◆ YOUR INSTRUCTIONS
Your answer must be the lines from the first one in the material through the line with "axes femme /", retyped exactly and with no pictures.

◆ EXERCISE DATA

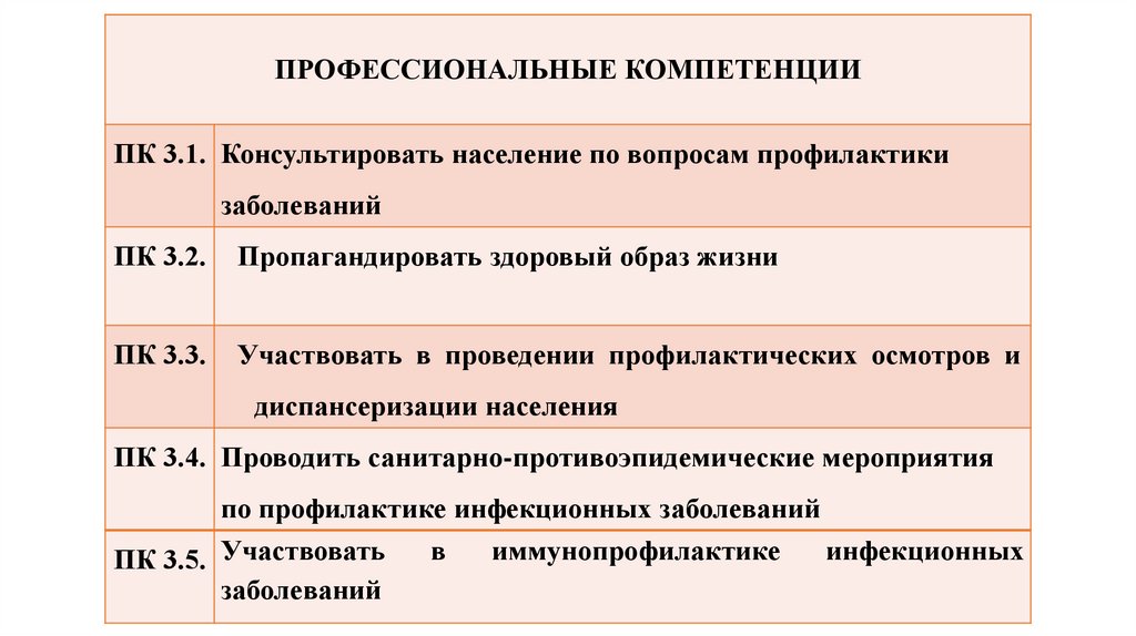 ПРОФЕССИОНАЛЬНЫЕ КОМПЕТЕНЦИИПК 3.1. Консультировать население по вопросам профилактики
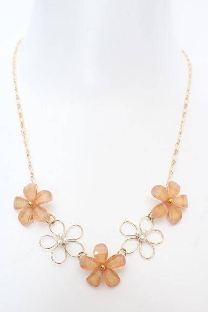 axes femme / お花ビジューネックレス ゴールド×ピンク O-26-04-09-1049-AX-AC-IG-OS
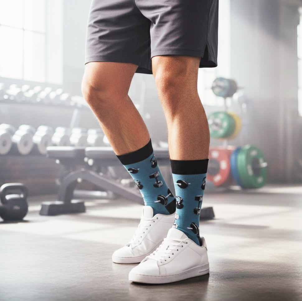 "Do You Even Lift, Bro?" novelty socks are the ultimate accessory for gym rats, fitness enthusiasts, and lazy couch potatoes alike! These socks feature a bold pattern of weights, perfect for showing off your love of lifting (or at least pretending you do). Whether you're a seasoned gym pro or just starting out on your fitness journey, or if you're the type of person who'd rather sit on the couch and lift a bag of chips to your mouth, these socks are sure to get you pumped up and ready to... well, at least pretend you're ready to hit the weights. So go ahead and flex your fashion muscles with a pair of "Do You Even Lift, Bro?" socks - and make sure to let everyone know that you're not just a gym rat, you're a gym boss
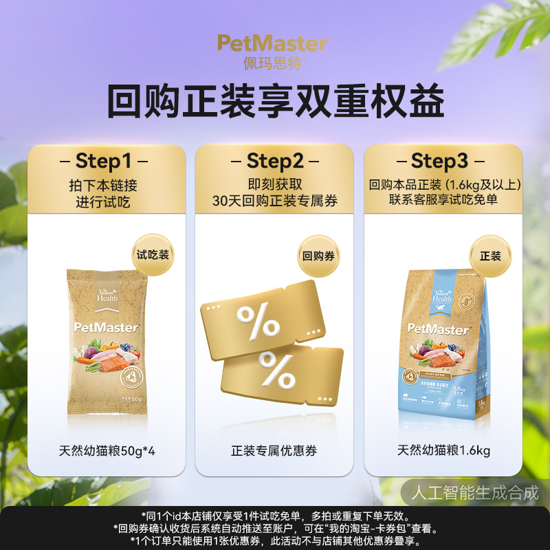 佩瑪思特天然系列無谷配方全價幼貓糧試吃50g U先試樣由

◆ RESULT OF THIS TASK
 ПРОФЕССИОНАЛЬНЫЕ КОМПЕТЕНЦИИПК 3.1. Консультировать население по вопросам профилактики
 axes femme / お花ビジューネックレス ゴールド×ピンク O-26-04-09-1049-AX-AC-IG-OS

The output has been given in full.